EXERCISE: Omitting any pictures, transcribe the entries below exactly.

──────── RECORDS TO PROCESS ────────

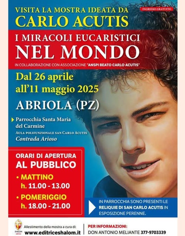 Ideata da Carlo Acutis, sarà esposta nell’aula polifunzionale (nei pressi della chiesa parrocchiale di Santa Maria del Carmine) che porta il nome del Santo.
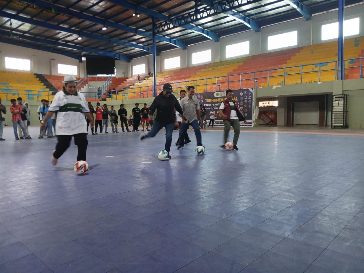 Ketua STKIP Herman Timika, Densemina Y Wabdarom,M,Pd, turut hadir Kepala Dinas Pariwisata Kebudayaan Pemuda dan Olahraga Kabupaten Mimika, Elisabeth Cenawatin, Saat melakukan tendangan perdana sekaligus pembukaan Open Turnamen Futsal Prodi Penjas STKIP Hermon Timika Cup 2 tahun 2025 yang berlangsung di GOR Futsal SP 5 Timika, Minggu (19/10/2025)/Foto : Wahyudin Yuyunk
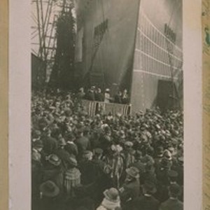 U.S.S. Calif. leaving the way's at Mare Island. Thursday Nov. 20--1919. Keel was layed [sic]. Oct. 26--1916. Mrs. Randolph Zane the daughter of Gov. Sterns was sponsor at the Christening
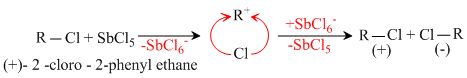 SbCl5 abstracts Cl- from the given chloro derivatiove and thus a carbocation id formed. This carbocation faces attack of Nu- from both sides, so racemises.
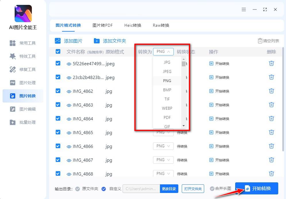 在这里选择转换格式,最顶端的是设置统一转换为XX格式,也可以单张单张的分别设置转换成什么格式,非常人性化~
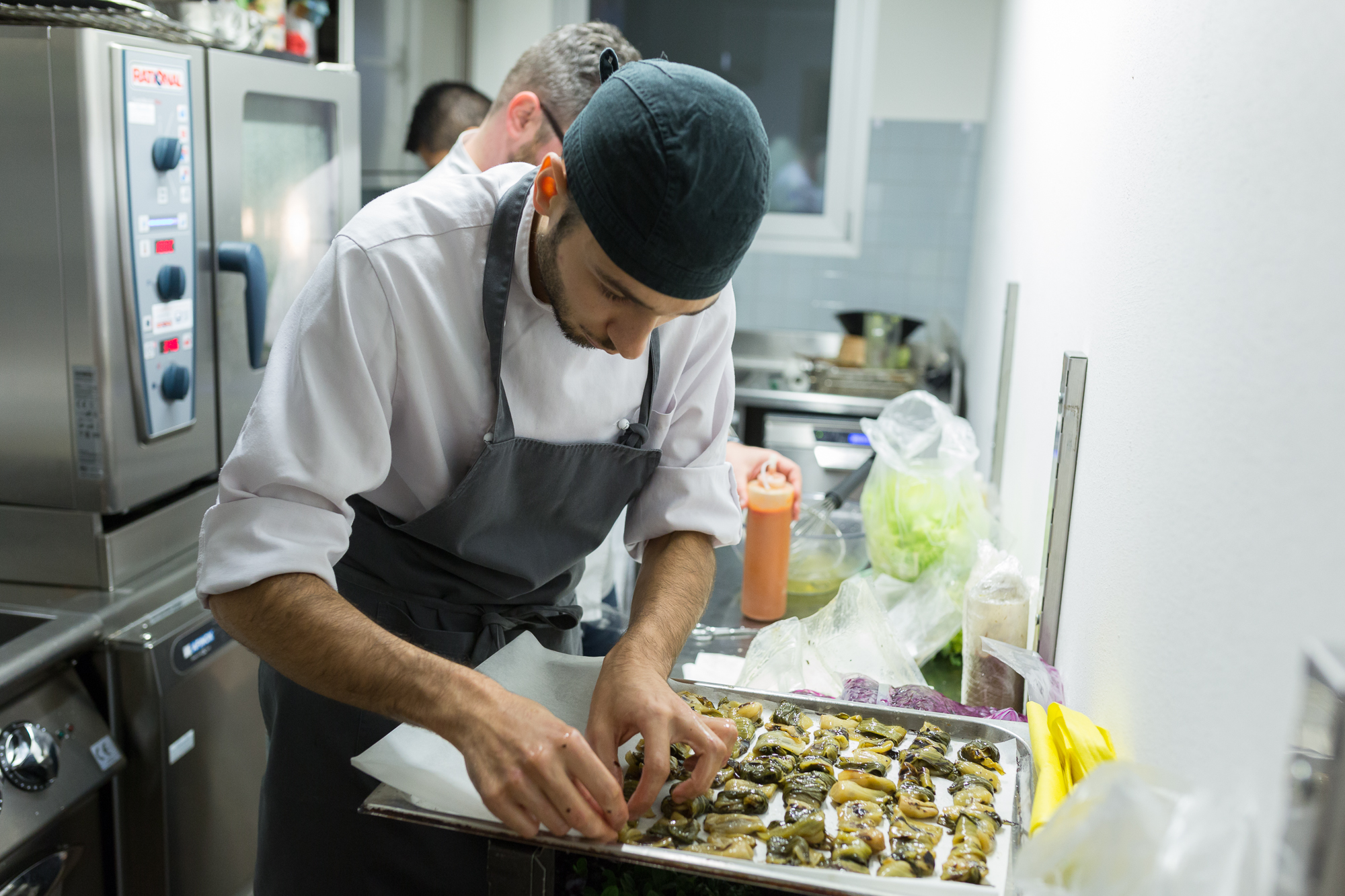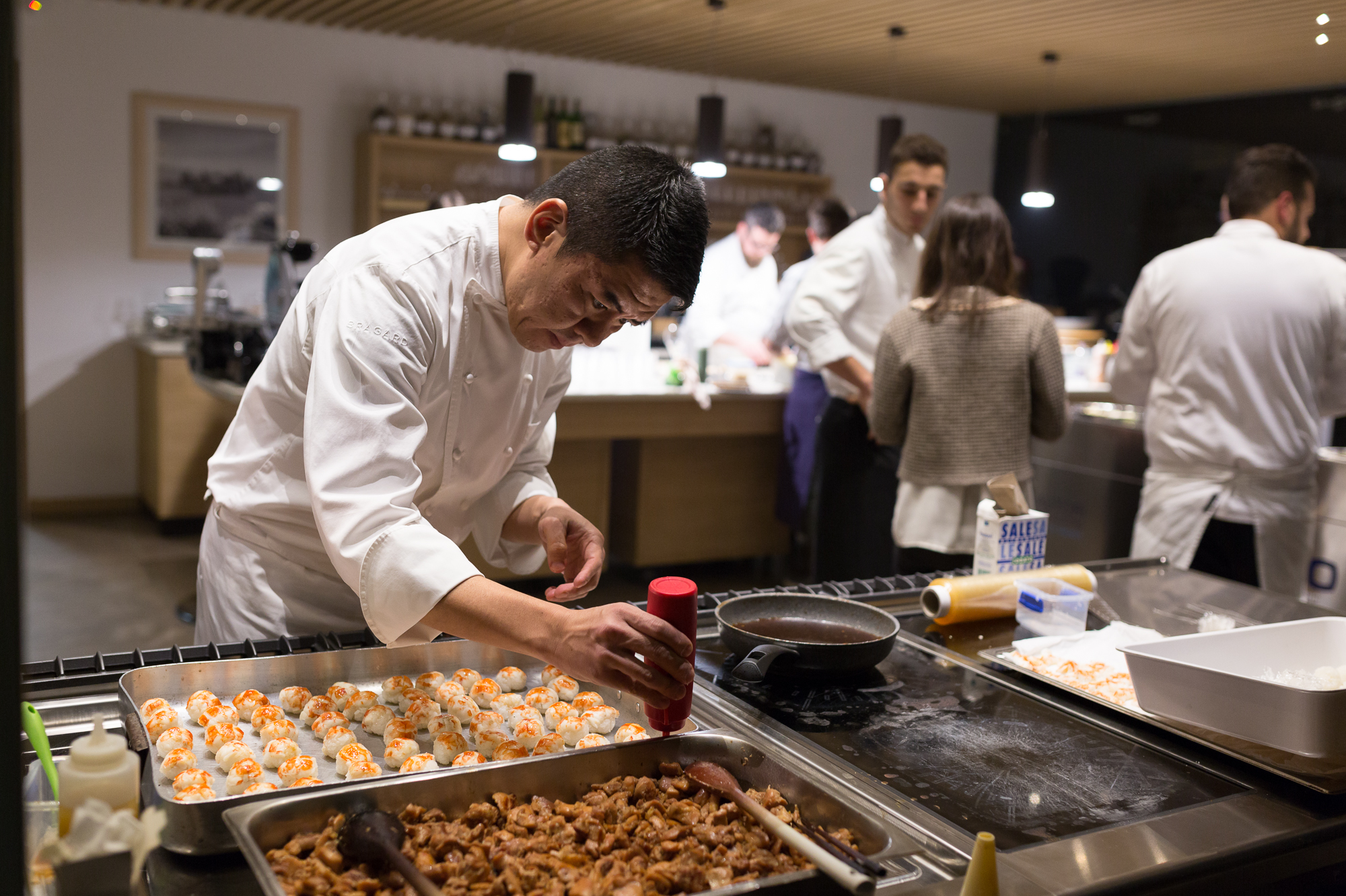 - Niimori Nobuya del ristorante Sushi B di Milano prepara il topping della sua pizza a quattro mani con Denis Lovatel ©Aromi Creativi _Ferrowine
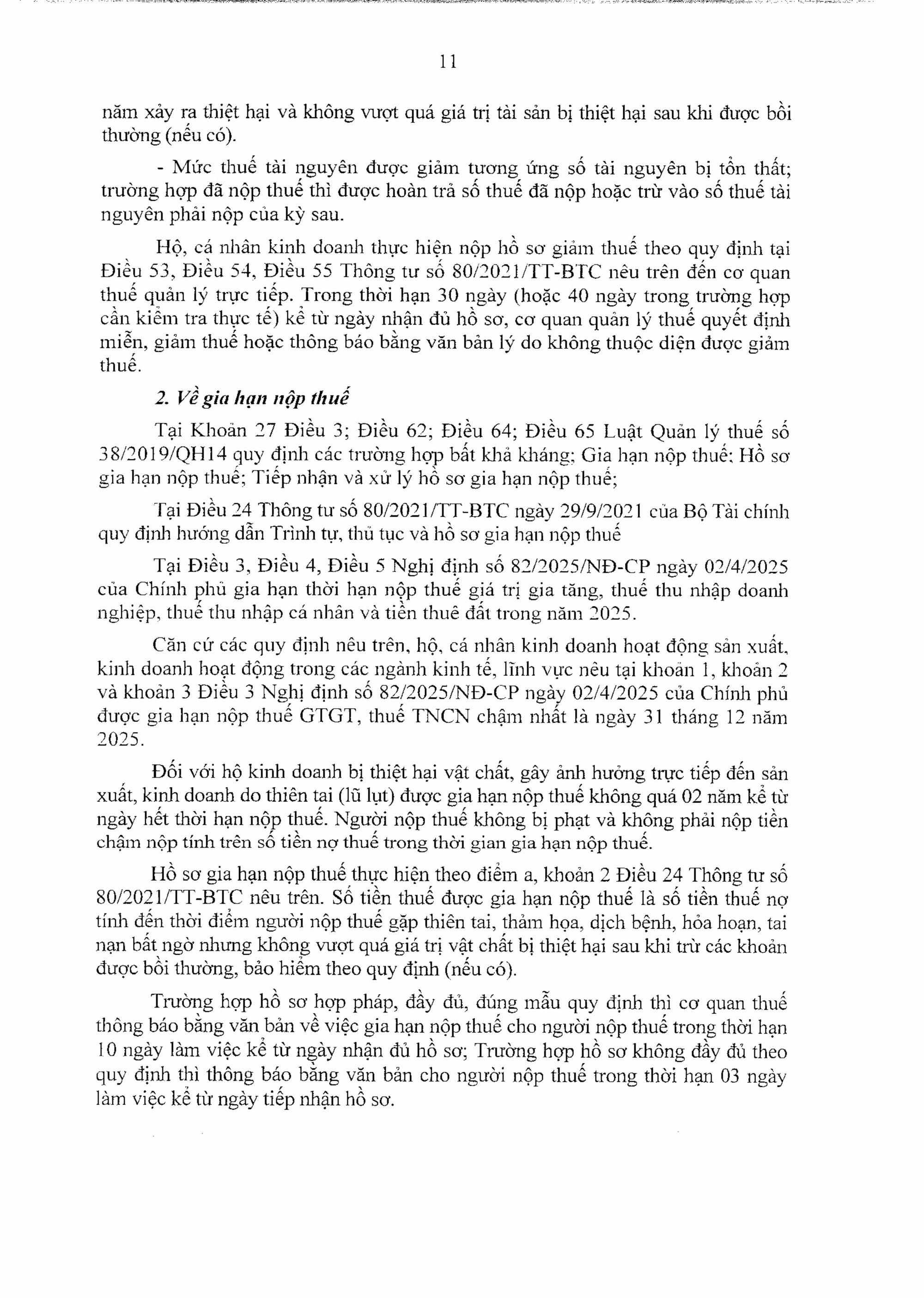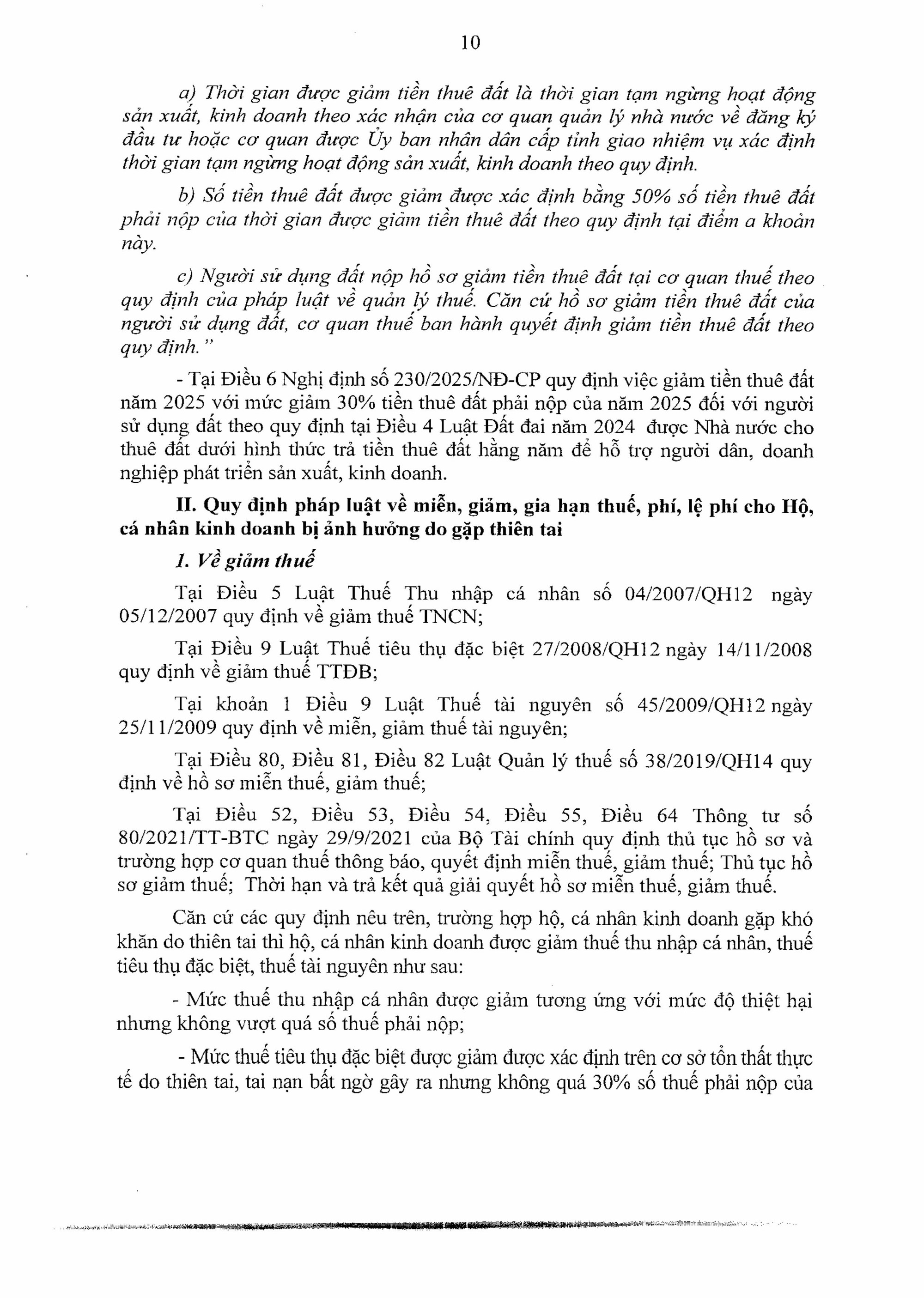 Thứ hai, quy định của pháp luật về miễn, giảm, gia hạn thuế, phí, lệ phí cho Hộ, cá nhân kinh doanh bị ảnh hưởng do gặp thiên tai (gồm các nội dung: Về giảm thuế; về gia hạn nộp thuế).
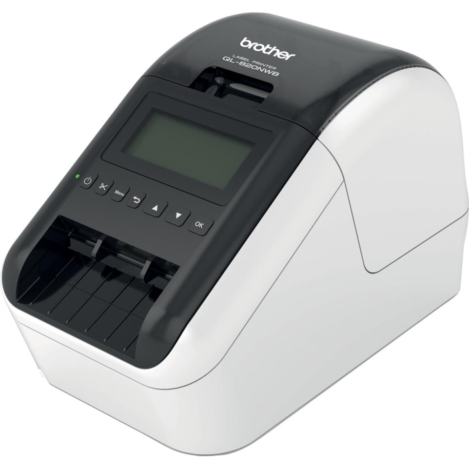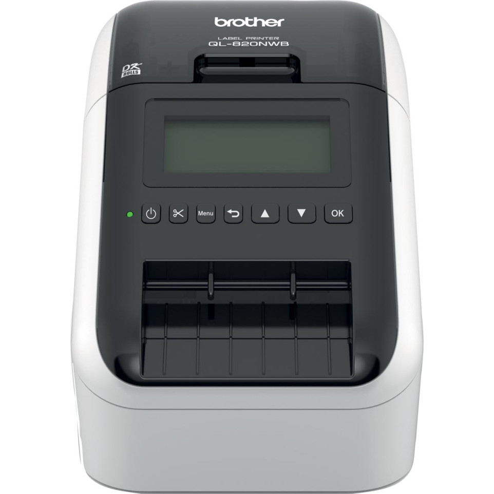 The Brother QL-820NWBC is a direct thermal label printer designed for creating custom labels in both black and red, ideal for professional environments. It connects via USB and supports wireless, Ethernet, and Bluetooth for flexible office integration and remote printing from PCs, Macs, or mobile devices.
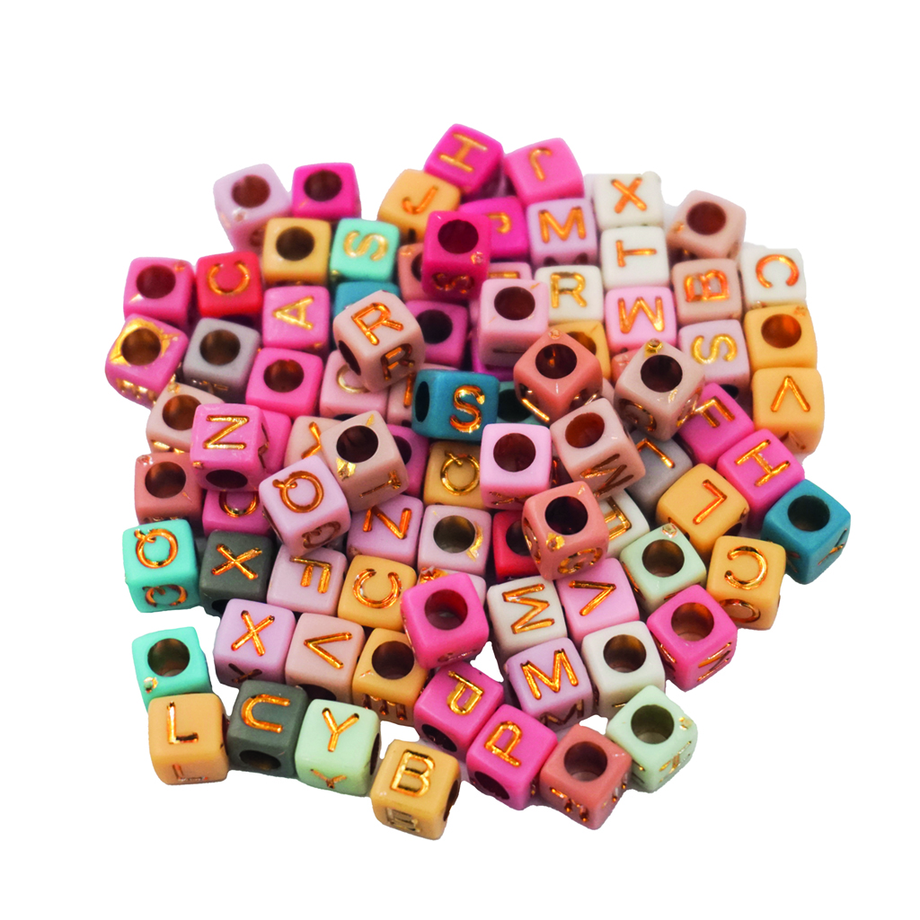35g. Alphabet Bead - Squared, Neutral Color Assortment, 6mm
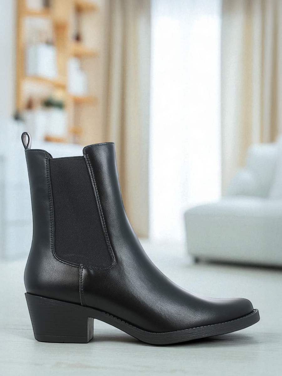 Trendy boots med spiss tå som gir en westerninspirert look. Støvlene har en myk og behagelig hæl for høy komfort. Elastikk på sidene for enkel av og på. Hælen på disse støvlene er 5 cm.
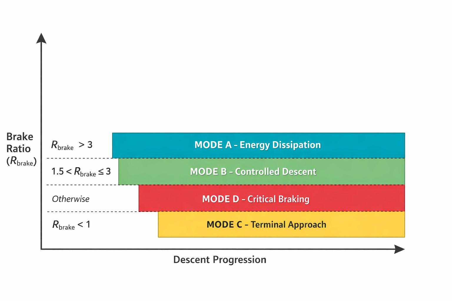 The figure below illustrates how the controller switches between descent modes depending on the brake ratio during the landing trajectory.
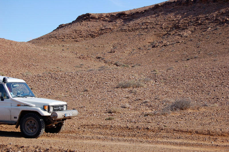 Km 7,6. 27°57,296’N - 10°47,505’W. Parking des voitures.
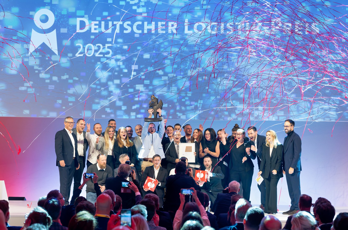 Die Mitarbeiter von Strauss feiern den Gewinn beim Deutschen Logistik-Preis. COO Matthias Fischer (Mitte) hält die Siegesurkunde

────────

TASK OUTPUT:
 Ideata da Carlo Acutis, sarà esposta nell’aula polifunzionale (nei pressi della chiesa parrocchiale di Santa Maria del Carmine) che porta il nome del Santo.
 Ketua STKIP Herman Timika, Densemina Y Wabdarom,M,Pd, turut hadir Kepala Dinas Pariwisata Kebudayaan Pemuda dan Olahraga Kabupaten Mimika, Elisabeth Cenawatin, Saat melakukan tendangan perdana sekaligus pembukaan Open Turnamen Futsal Prodi Penjas STKIP Hermon Timika Cup 2 tahun 2025 yang berlangsung di GOR Futsal SP 5 Timika, Minggu (19/10/2025)/Foto : Wahyudin Yuyunk
 U.S.S. Calif. leaving the way's at Mare Island. Thursday Nov. 20--1919. Keel was layed [sic]. Oct. 26--1916. Mrs. Randolph Zane the daughter of Gov. Sterns was sponsor at the Christening
 SbCl5 abstracts Cl- from the given chloro derivatiove and thus a carbocation id formed. This carbocation faces attack of Nu- from both sides, so racemises.
 在这里选择转换格式,最顶端的是设置统一转换为XX格式,也可以单张单张的分别设置转换成什么格式,非常人性化~
 - Niimori Nobuya del ristorante Sushi B di Milano prepara il topping della sua pizza a quattro mani con Denis Lovatel ©Aromi Creativi _Ferrowine
 Thứ hai, quy định của pháp luật về miễn, giảm, gia hạn thuế, phí, lệ phí cho Hộ, cá nhân kinh doanh bị ảnh hưởng do gặp thiên tai (gồm các nội dung: Về giảm thuế; về gia hạn nộp thuế).
 The Brother QL-820NWBC is a direct thermal label printer designed for creating custom labels in both black and red, ideal for professional environments. It connects via USB and supports wireless, Ethernet, and Bluetooth for flexible office integration and remote printing from PCs, Macs, or mobile devices.
35g. Alphabet Bead - Squared, Neutral Color Assortment, 6mm
 Trendy boots med spiss tå som gir en westerninspirert look. Støvlene har en myk og behagelig hæl for høy komfort. Elastikk på sidene for enkel av og på. Hælen på disse støvlene er 5 cm.
 The figure below illustrates how the controller switches between descent modes depending on the brake ratio during the landing trajectory.
 Km 7,6. 27°57,296’N - 10°47,505’W. Parking des voitures.
 Die Mitarbeiter von Strauss feiern den Gewinn beim Deutschen Logistik-Preis. COO Matthias Fischer (Mitte) hält die Siegesurkunde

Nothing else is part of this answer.